Dr. Gupta is currently pursuing his research in the laboratory of Dr. Bernard Arulanandam at the South Texas Center for Emerging Infectious Diseases, University of Texas at San Antonio, SA, TX, USA. Prior to joining Dr. Arulanandam’s laboratory, Dr. Gupta received his Doctoral degree from the Birla Institute of Technology and Science (BITS), Pilani, and National Institute of Pathology, New Delhi, India in 2009. His doctoral studies focused on investigating host immunity in cohorts of Chlamydia infected women with reproductive sequelae. Dr. Gupta’s expertize as a clinical immunologist has been further enhanced through his current research on the role of host immune factors and genital chlamydial infections in animal models including mice and guinea pigs. His current focus includes investigating the role of host factors including microRNAs in regulating anti-chlamydial immunity.
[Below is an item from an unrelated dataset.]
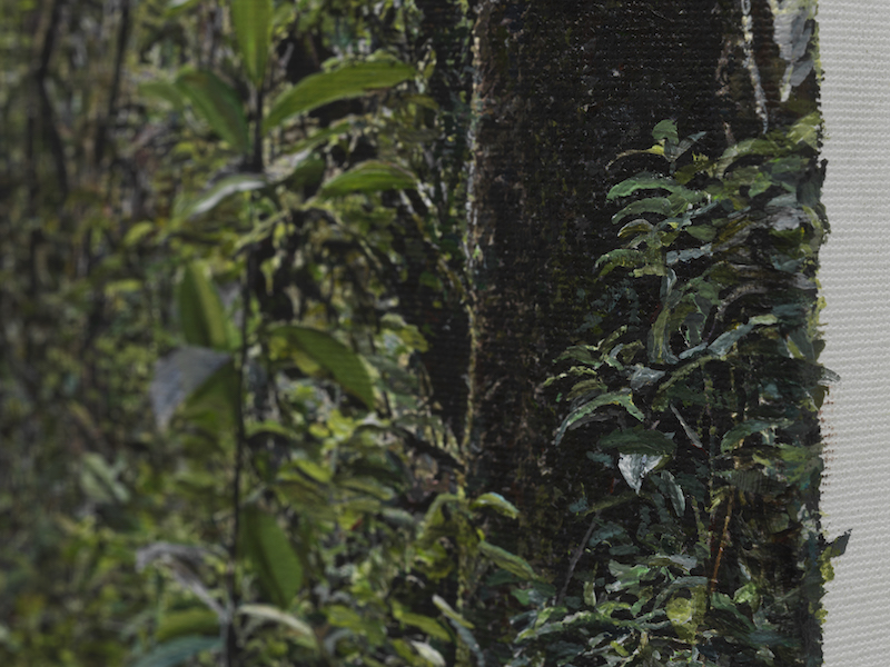 HM: I’ve asked conservation mentors how they connect people with caring about conserving land, they always say: “take people there.” I engaged in photorealism in the show here at Dittrich & Schlechtriem, and it took a long time to complete. One of these paintings took about 200-250 hours of time. In this show, the paintings are more realistic to give people a sense of “being there.” I wanted there to be many dots, in a pointillist manner, to show the diverse specks of the nature of a forest, in daylight, over time.
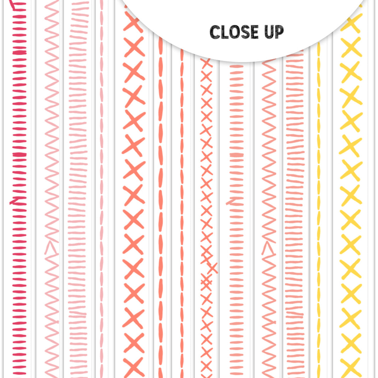 Add a pop of color to your scrapbooking projects with these faux stitches in pink, coral yellow, mint and teal clear stickers! These stickers are perfect for adding a whimsical and playful touch to your layouts, and the clear design allows them to blend seamlessly with your photos and embellishments.

Chlamydia trachomatis (Ct) is the leading cause of human bacterial sexually transmitted infections. In humans, genital Ct infection lead to reproductive sequelae including fibrosis, tissue damage and inflammation. Although molecular events leading to genital tissue exacerbation and tissue remodeling are unclear, early stage host immune responses may lead to collateral damage in the form of upper genital pathological sequelae. Given that immune responses are regulated by non-coding RNA species namely microRNAs (miRs), the objective of this study was to determine signatures miRs and decipher mechanistic contribution of selected miRs in early stage immune responses and subsequent development of pathology. Using the murine model of genital Ct, C57BL/6 wild type (WT) were intravaginally infected with Ct and cellular infiltrates (flow cytometry), miRs and putative targets (real-time PCR and mass spectrometry) and genital pathology was analyzed. Ex vivo genital cell cultures manipulated with miR agonists and antagonists were used for gain and loss of function validation. We found Ct infection in C57BL/6 genital tract significantly regulated selected miRs at early stages of infection post challenge. Amongst these, miRs-125b, -182, -214 and 30c were significantly altered and in vitro knockdown analyses with specific inhibitors resulted in increase in Ct infectivity corroborating our in vivo findings. Additionally, in vivo miR-214 was observed to regulate intracellular adhesion molecule (ICAM)-1 and neutrophil infiltration affecting development of upper genital pathology in an IL17A dependent manner. These findings provides evidence for early stage regulation of immune responses via host miRs affecting development of genital pathology.